Other studies the authors use to support the protocol are based on data from other viral outbreaks, like H1N1 and SARS-CoV, as well as other medical conditions, like nonviral acute respiratory distress syndrome and sepsis. The researchers did not conduct a randomized controlled trial of MATH+ for patients with COVID-19 because, as they write in the article, they did not believe they had the clinical equipoise required for such a study.

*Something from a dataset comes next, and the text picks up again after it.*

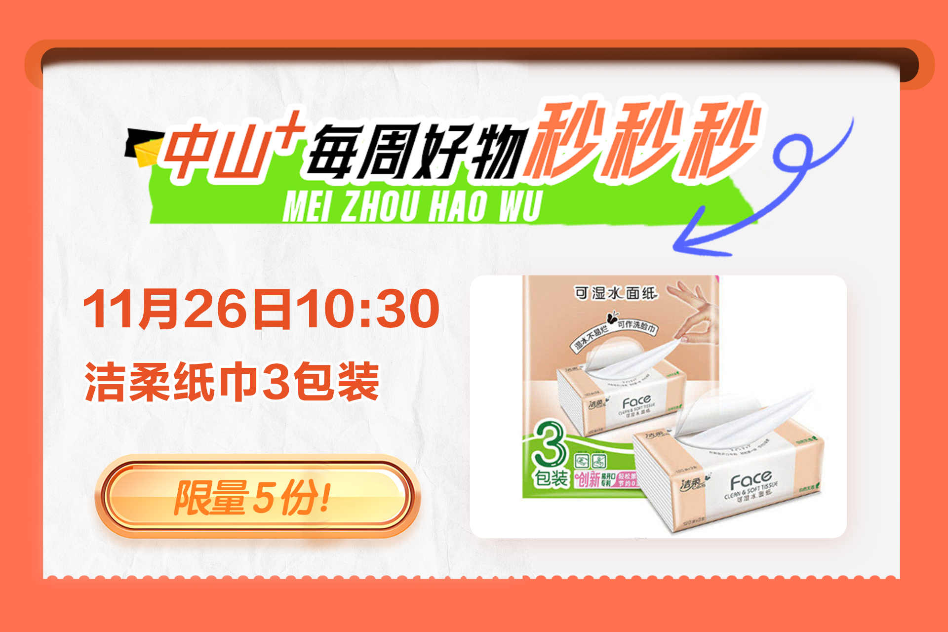 划重点:每周秒杀仅限30天内注册的“中山+”新用户,每周三10:30(如遇节假日顺延)准时开抢,每个用户每期可参与秒杀1次。
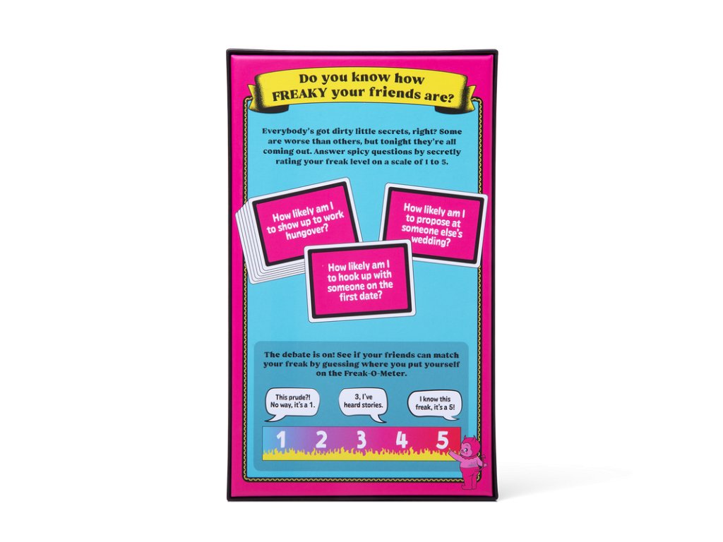 Secretly rate yourself on the Freak-O-Meter, then see if your friends can guess how freaky you really are. Perfect for game night, parties, and couples, this fun adult game is the best gift for anyone who loves to laugh and doesn’t mind being in the hot seat.

“With respect to each of the individual ‘core’ therapies of MATH+, all authors felt the therapies either superior to any placebo or possessed evidence of minimal risk and cost compared to potential benefit,” they wrote in the paper.

“With a new disease, it is totally reasonable to take your best guess at a therapy,” wrote F. Perry Wilson, MD, MSCE, director of the Clinical and Translational Research Accelerator at Yale University School of Medicine, in an email to Medscape. “When there is limited information, you go with what you have. What I take issue with here is the authors’ implication that that’s where the scientific process stops. In my mind, it’s actually just the beginning.” Every investigator believes his or her intervention is beneficial but is not sure — that’s why they conduct a randomized controlled trial, Wilson said.

“Without robust trials, we are left with too many options on the table and no way to know what helps — leading to this ‘throw the book at them’ approach, where you just pick your favorite molecule and give it,” said Wilson. 

Sam Parnia, MD, PhD, associate professor of medicine and director of critical care and resuscitation research at NYU Langone, echoed this sentiment: “Many of the individual components could be expected to provide benefit and combining therapies is something physicians often do,” Parnia said in an email to Medscape. “I think this is a promising approach; however, this ultimately needs to be studied.”

The article includes previously unpublished observational mortality rates from two hospitals where the physicians have used the protocol: United Memorial Hospital in Houston, Texas and Norfolk General Hospital in Norfolk, Virginia. At United Memorial, MATH+ was “systematically” followed for patients admitted to the hospital, and at Norfolk General it was followed for patients admitted to the ICU. The two hospitals treated 140 and 191 COVID-19 patients with MATH+, respectively, as of July 20.

The average observed hospital or 28-day mortality rate at United Memorial was 4.4% and at Norfolk General was 6.1%, for a combined mortality rate of 5.1%. The researchers compared this rate with reported outcomes from 10 studies of more than 400 hospitals in the United States (72 hospitals), the United Kingdom (386), and China (3). The mortality rate for COVID-19 patients at these hospitals ranged from 15.6% to 32%, for an average mortality rate of 22.9%.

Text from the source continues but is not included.